Some examples of inner classes are CheatManager(U2, U2XMP, UE2Runtime, UT2003, UT2004, UDK, UT3) and PlayerInput(U2, U2XMP, UE2Runtime, UT2003, UT2004, UDK, UT3), both declared within PlayerController(U2, U2XMP, UE2Runtime, UT2003, UT2004, UDK, UT3). An example of "narrowing" the valid range of outer classes is GamePlayerInput - it reduces the valid outer classes from all PlayerControllers to only instances of GamePlayerController and its subclasses.


As a more generic example, consider the following scenario:

class A extends Something;
 
var AHelper Helper;
 
function CreateHelper()
{
  Helper = new(Self) class'AHelper';
}
 
function Help()
{
  // do something helpful
}
class B extends A;
 
var BHelper BetterHelper;
 
function CreateHelper()
{
  BetterHelper = new(Self) class'BetterHelper';
  Helper = BetterHelper;
}
 
function BetterHelp()
{
  // do something even more helpful
}

The parameter of the new operator sets the created object's Outer variable and Self is the object executing that code, i.e. objects of class A and B respectively. The helper object are supposed to call the Help and BetterHelp functions of their corresponding outer objects. Without the within clause, that might look as follows:

class AHelper extends Object;
 
function TryToHelp()
{
  A(Outer).Help();
}
class BetterHelper extends AHelper;
 
function TryToHelp()
{
  B(Outer).BetterHelp();
}

But there are still problems. Not only is the typecasted access to the Outer variable a bit clunky, but there's also no guarantee it actually always points to an object of type A or B respectively. These can be resolved using a within clause:

class AHelper extends Object within A;
 
function TryToHelp()
{
  Outer.Help();
}
class BetterHelper extends AHelper within B;
 
function TryToHelp()
{
  Outer.BetterHelp();
}

The within clauses guarantee that AHelper and BetterHelper objects are definitely created with an A or B object as first parameter of the new operator respectively. You can now use the Outer variable without typecasting it.
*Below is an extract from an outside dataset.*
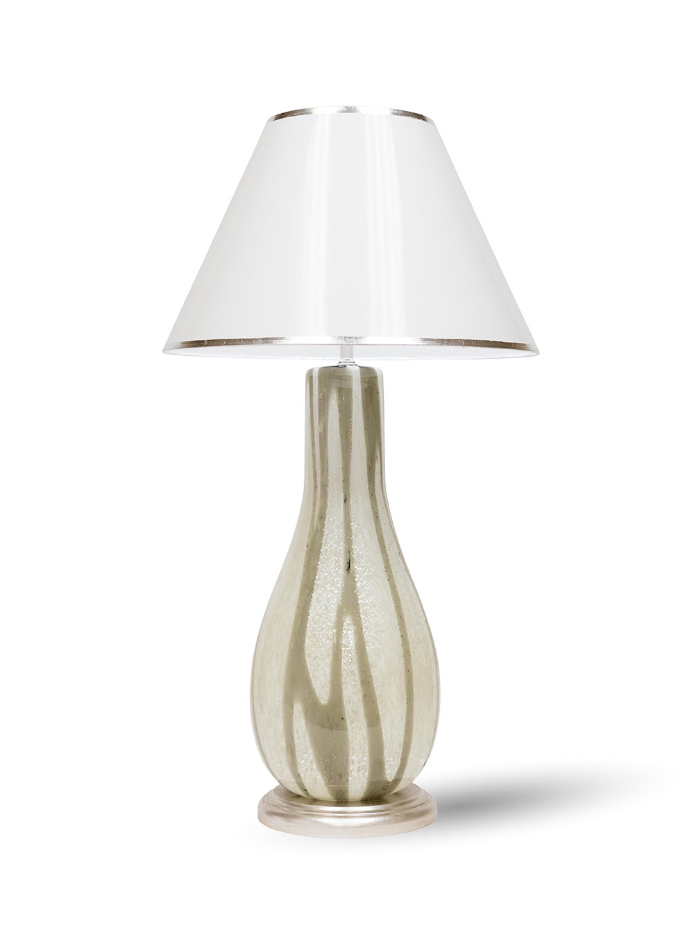 This full-flare paper lampshade makes a bold yet elegant statement with its dramatic silhouette and soft light diffusion. Its wide, flowing form complements the sculptural presence of FESTONI’s Venetian glass or ceramic bases, creating a harmonious balance of light, shape, and artisanal sophistication.

In fact, when the compiler finds any (unqualified) access to variables or functions not declared in the class or inherited from any of the parent classes, it tries accessing the variable or function through the Outer variable instead for classes declared within other classes. That means you could actually also write:

class AHelper extends Object within A;
 
function TryToHelp()
{
  Help();
}
class BetterHelper extends AHelper within B;
 
function TryToHelp()
{
  BetterHelp();
}

It will have absolutely the same result as the implementation that uses Outer. to call those functions. Epic Games programmers use this extensively, but you should keep in mind that it slightly reduces code readability because you no longer see that you actually call functions (or access variables) from a different object.